Start of Provided material
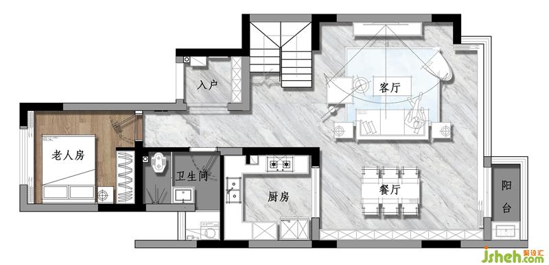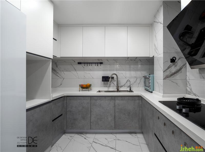 由于户型原因,厨房往生活阳台移了60公分,增加了厨房的面积,使厨房布局更合理,确保了厨房能够满足一大家人的生活需求。
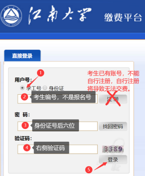 缴费说明:进入复试考生在学院规定的时间内登录“太阳成城集团tyc234cc缴费平台”交纳复试费用,复试收费标准:80元/生。缴费网址:http://pay.jiangnan.edu.cn/payment/。登录账号为准考证上的考生编号,登录密码为身份证后六位(友情提醒:考生账号已开通,切勿自行注册)。按照提示交费(使用网银),并打印或截图保存付费凭证。
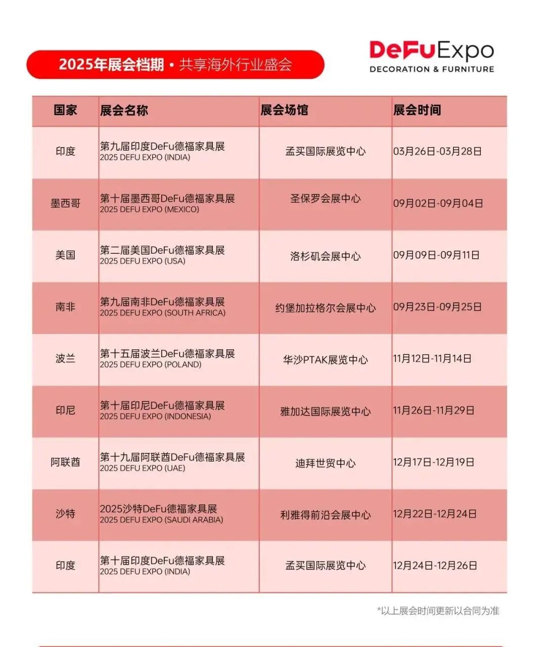 DeFu Expo德福家具展是专注于引领中国家具产业出海发展专业展览平台。展会自综合型贸易展起步,在经历了近十五年境外耕耘后,展会朝着产业垂直、引领行业的发展方向应运而生。
End of Provided material
Print the material word for word without images.

# Solution for this problem
 由于户型原因,厨房往生活阳台移了60公分,增加了厨房的面积,使厨房布局更合理,确保了厨房能够满足一大家人的生活需求。
 缴费说明:进入复试考生在学院规定的时间内登录“太阳成城集团tyc234cc缴费平台”交纳复试费用,复试收费标准:80元/生。缴费网址:http://pay.jiangnan.edu.cn/payment/。登录账号为准考证上的考生编号,登录密码为身份证后六位(友情提醒:考生账号已开通,切勿自行注册)。按照提示交费(使用网银),并打印或截图保存付费凭证。
 DeFu Expo德福家具展是专注于引领中国家具产业出海发展专业展览平台。展会自综合型贸易展起步,在经历了近十五年境外耕耘后,展会朝着产业垂直、引领行业的发展方向应运而生。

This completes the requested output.